On Thursday morning, President Hu Jintao of China, President Dmitry Medvedev of Russia , President Dilma Rousseff of Brazil, President Jacob Zuma of South Africa and Prime Minister Manmohan Singh of India shook hands at the start of the one day meeting in New Delhi. Top of the agenda was the creation of the grouping's first institution, a so-called "BRICS Bank" that would fund development projects and infrastructure in developing nations. Less noticed and commented upon is the aspirations of the BRIC nations to become less dependent on the global reserve currency, the dollar and to position their own currencies as internationally traded currencies. The leaders of BRIC nations and other emerging market nations have adopted the idea of conducting trade between the five nations in their own currencies. Two agreements, signed among the development banks of Brazil, Russia, India, China and South Africa, say that local currency loans will be made available for trade between these countries. The five fast growing nations participating in local currency trade will allow participants to diversify their foreign exchange reserves, hedging against the growing risk of a euro or dollar crisis.

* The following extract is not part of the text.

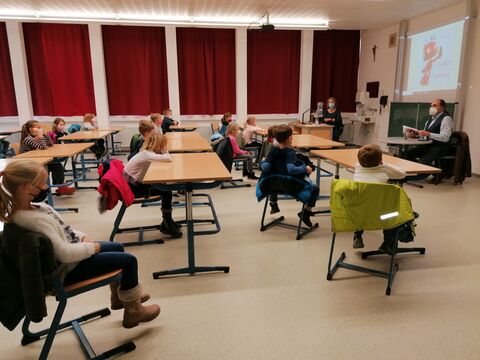 Tierschutzjugend "Wilde Wölfe" erhält Besuch von Pfarrer Diermeier.

The BRICS want to have easy convertibility of currency to make it easier to use the real, ruble, rupee, renminbi and rand amongst themselves without having to always use the US dollar. Higher intra-Brics trade, conducted in their own currencies would shield their economies from economic dislocations in the west. Left unsaid so far is the possibility that one of the BRICs or the BRICs in unison might peg the value of their respective currencies to the ultimate store of value and money - gold.